Here we investigate the case of cosmic rays expected to be accelerated in accretion shocks during the large-scale structure formation—structure formation cosmic rays (SFCRs; Loeb & Waxman 2000; Miniati et al. 2000; Furlanetto & Loeb 2004). Though still hypothetical, this cosmic-ray population is expected to be present at accretion and merger shocks, especially in connection with accretion shocks around clusters. This should result in gamma-ray emission from hadronic (Kushnir & Waxman 2009; Pinzke & Pfrommer 2010) processes that dominate and subdominant primary and secondary inverse Compton leptonic emission (Loeb & Waxman 2000; Furlanetto & Loeb 2004; Pinzke & Pfrommer 2010), as well as radio emission dominated by its leptonic component (Ensslin et al. 1998; Kushnir et al. 2009). In this work we focus on the hadronic emission component. The collective emission from all unresolved clusters would also contribute to the extragalactic emission background, but as the evolution of the sources is unknown and no sources have been detected, the limits are weak (Miniati 2003; Prodanović & Fields 2004, 2005; Kuo et al. 2005). Signatures of SFCRs were expected to be detected by the Fermi-LAT observations of galaxy clusters; however, only flux upper limits have been placed so far (Ackermann et al. 2010, 2014). In order to constrain their contribution to the EGRB, in Dobardžić & Prodanović (2014) we have constructed a model of gamma-ray emission from large-scale accretion shocks around clusters, implementing for the first time a source evolution and normalizing using Fermi-LAT cluster observation limits. Due to large uncertainty in normalization of our models, the resulting limits were very weak and dependent on the choice of a typical source, i.e., a typical cluster size that dominates emission. On the other hand, if a strong limit to SFCR contribution to the EGRB could be placed, our model could be very constraining for the typical cluster-class that dominates the SFCR emission and also serve to probe different models of accretion shock evolution.

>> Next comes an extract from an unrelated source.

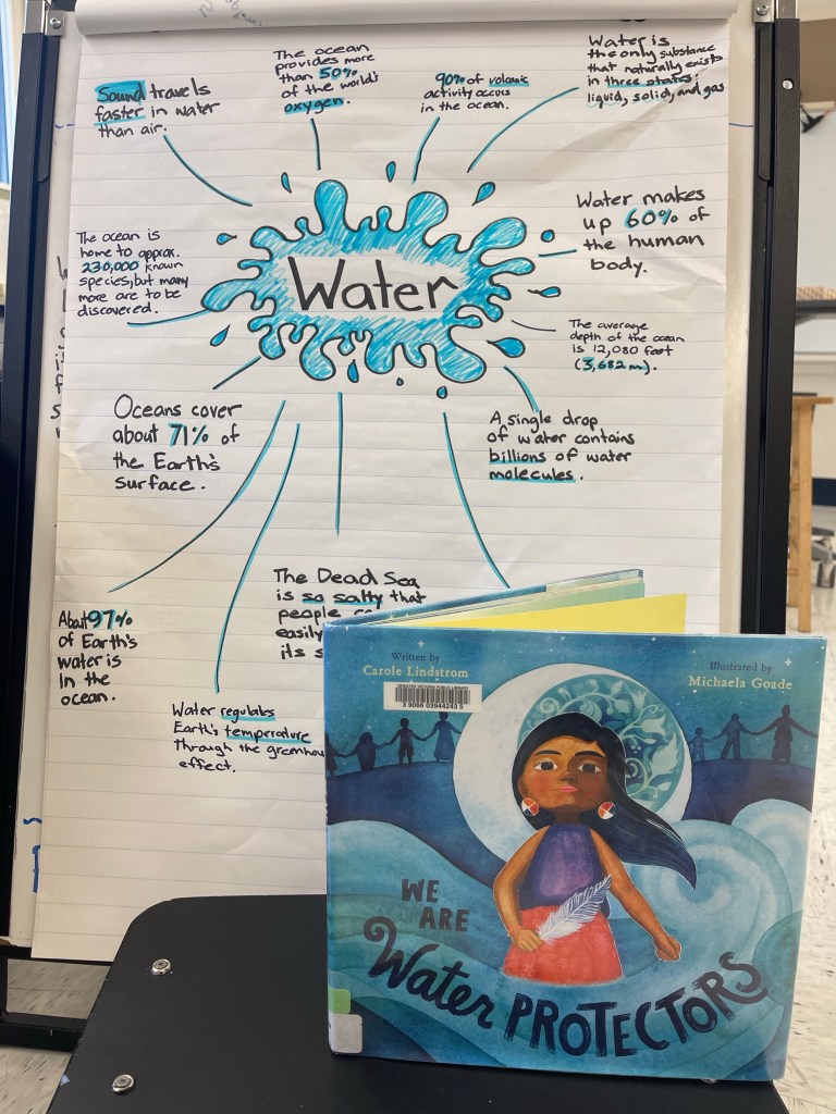 In Social Studies, we read the book “We Are Water Protectors” by Carole Lindstrom, who is Anishinaabe/Metis and an enrolled member of the Turtle Mountain Band of Ojibwe. Her award-winning book weaves in a powerful metaphor about a “snake” that poisons the water and land. We discussed a notion of ethical and sustainable resource management and what happens when humans—whether out of greed, carelessness, ignorance or for another reason—make decisions that harm the environment, particularly water sources. In our analysis, some students also made a biblical connection to the serpent’s temptation of Eve in Genesis. In our water inquiry we will continue to explore the connection between people and land through time and with an Indigenous lens.

A significant flux of isotropic high-energy neutrinos has recently been detected by IceCube. The observed IceCube neutrinos cover an energy range 60 TeV–3 PeV (Aartsen et al. 2014b), and detected flux is best fitted with the hard spectrum ${E}_{\nu }^{-2}$. Since cosmic-ray interactions also result in neutrino production through charged pions, any extragalactic cosmic-ray population would produce the extragalactic neutrino background, as well as the diffuse gamma-ray background component. In the case of detected neutrino flux with spectral index α_ν = 2, corresponding to cosmic rays accelerated in strong shocks, Chang & Wang (2014) calculated that these sub-PeV and PeV neutrinos should be accompanied by gamma-ray flux of ${E}_{\gamma }^{2}{I}_{\gamma }({E}_{\gamma })=2\;\times \;{10}^{-8}\;\mathrm{GeV}\;{\mathrm{cm}}^{-2}\;{{\rm s}}^{-1}\;{\mathrm{sr}}^{-1}$. Such a hard spectrum is consistent with emission expected from galactic cosmic rays in starburst galaxies. This possibility was explored in Tamborra et al. (2014), and though it can provide an explanation to the observed neutrino flux consistent with the observed EGRB, there remain issues regarding acceleration of protons to such high energies and their confinement. On the other hand, accretion shocks that arise during the growth of structures cover a distribution of strengths (Miniati et al. 2000), and an SFCR population accelerated in them would also be consistent with such a hard spectral index as follows from neutrino observations. Moreover, due to their large scale, accretion shocks would be more likely sites to accelerate and confine such energetic cosmic rays (Norman et al. 1995).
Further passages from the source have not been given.